On average, SOC analysts now spend 6.13 hours triaging a false positive, compared to 5.58 hours in the previous quarter. And they spend an average 7.31 hours triaging, investigating, and remediating a valid phish—an increase of over half an hour during the same time period.
Bombarded by an endless stream of phishing incidents, the average number of SOC analysts per organization topped 15.3 during the second quarter of 2019—up from 14.6 in the previous quarter.
More than 90% of organizations report having at least one dedicated SOC analyst. Not surprisingly, the analysis showed a strong correlation between company size, the number of phishing incidents, and the number of SOC employees.
For example, 41% of organizations with more than 10,000 employees have twenty or more SOC analysts. The same is true of organizations with 60,000 or more phishing incidents per year.
Based on the average 33,108 phishing incidents organizations face annually, along with the average time to remediate these incidents, the average SOC needs 110 analysts working forty hours a week on nothing but incident response to successfully remediate all reported emails. But since the average number of SOC analysts in our survey is 15.3, that means there’s a staffing gap of at least 95 full-time employees. This gap currently results in failing to detect phishing incidents, which opens each organization to the possibility of breaches or fraud.

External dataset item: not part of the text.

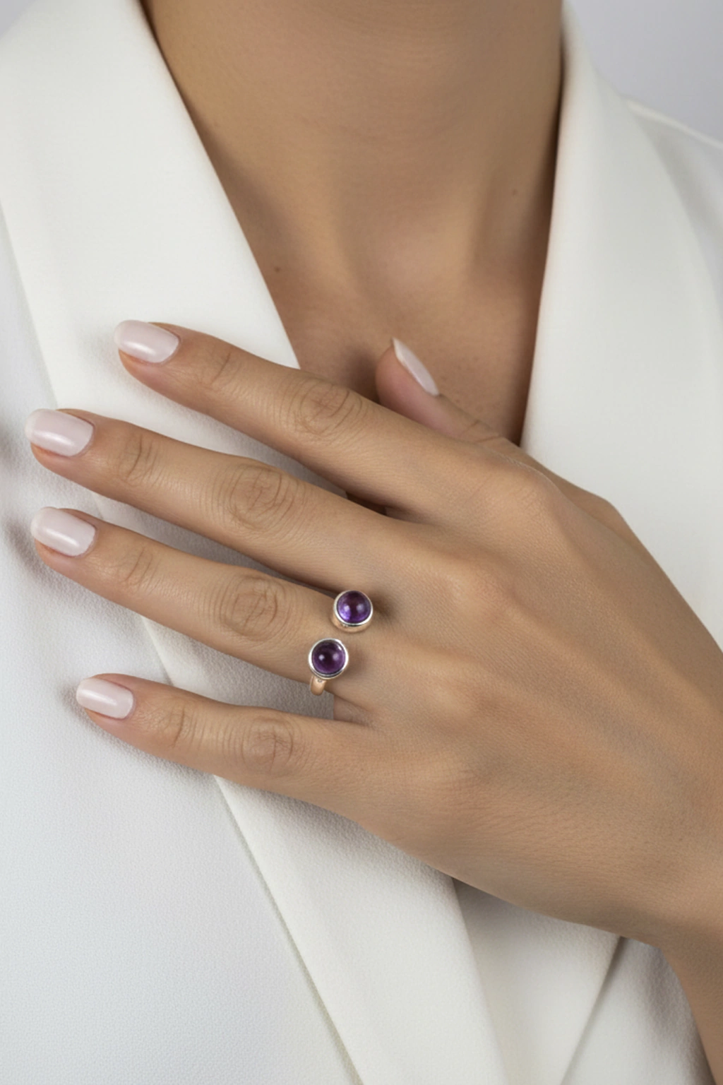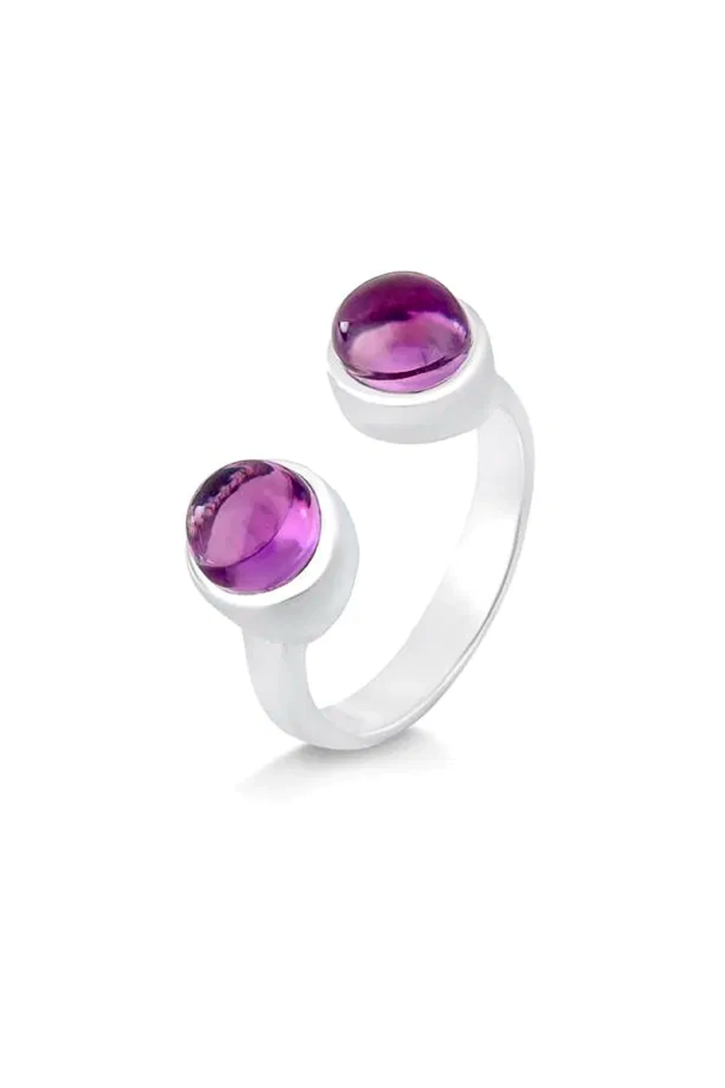 O design moderno do anel é ajustável (modelo open ring), garantindo conforto e adaptabilidade a diversos tamanhos de dedos. A peça é adornada com duas pedras de Ametista, lapidadas em formato cabochão redondo de aproximadamente 6,5 mm cada. O acabamento em Prata 925 ressalta o tom violeta místico da Ametista, criando um visual impactante e harmonioso.

According to the 2019 Verizon Data Breach Investigations Report (DBIR), more than 90% of all data breaches begin with a well-targeted email. For US-based organizations, the average cost of each data breach is now $8.19 million, with a 14.8% probability of suffering at least one breach within the next year, according to Ponemon Institute. If you multiply the average breach cost of $8.19 million by the probability of 14.8%, the annual breach risk is $1.2 million.
Meanwhile, the Verizon DBIR finds that the average data breach results in exfiltration of data within minutes or hours—while it often takes months for the breach to be discovered. This is likely a symptom of understaffed and inefficient SOC processes for handling phishing incidents. Ideally, SOC analysts would be able to triage, investigate, and remediate reported phishing incidents within minutes, enabling the business to remediate the compromise and contain the breach.
This could easily save 90% of SOC analysts’ time, which could then be applied to far more important initiatives.
As part of our quarterly phishing incident response survey, we asked respondents how much reducing the response time required for phishing incident response would reduce their breach risk. Overall, this quarter’s respondents felt their business could reduce breach risk by an average 54% by automating the process of phishing incident response.
In the United States, that figure rose 3% from the previous quarter, to an average 56% reduction in breach risk, while in the United Kingdom, estimates rose 4% during the same period, to an average 48% reduction. On a global basis, a 54% reduction in breach risk would result in a $654,545 decrease in annual breach risk for the average business.
Based on the data captured in this quarter’s phishing incident response survey, it’s possible to establish the variables needed to estimate the cost of manually handling phishing incidents, average breach risk, and the potential cost savings of automating the process.
To calculate a custom ROI for your organization, visit www.agari.com/roi
Using averages for all variables, the detailed calculations above show a total annual cost to the SOC of $9.9 million and an average annual breach risk of $1.2 million—for a total cost $11.1 million per company.
By implementing automated phishing incident response processes that reduce the time to triage, investigate, and remediate phishing incidents by 90%, and the time to discover and remediate data breaches by up to 54%, organizations could save $8.9 million in SOC costs and $654,545 in breach risk—for a total savings of $9.55 million annually.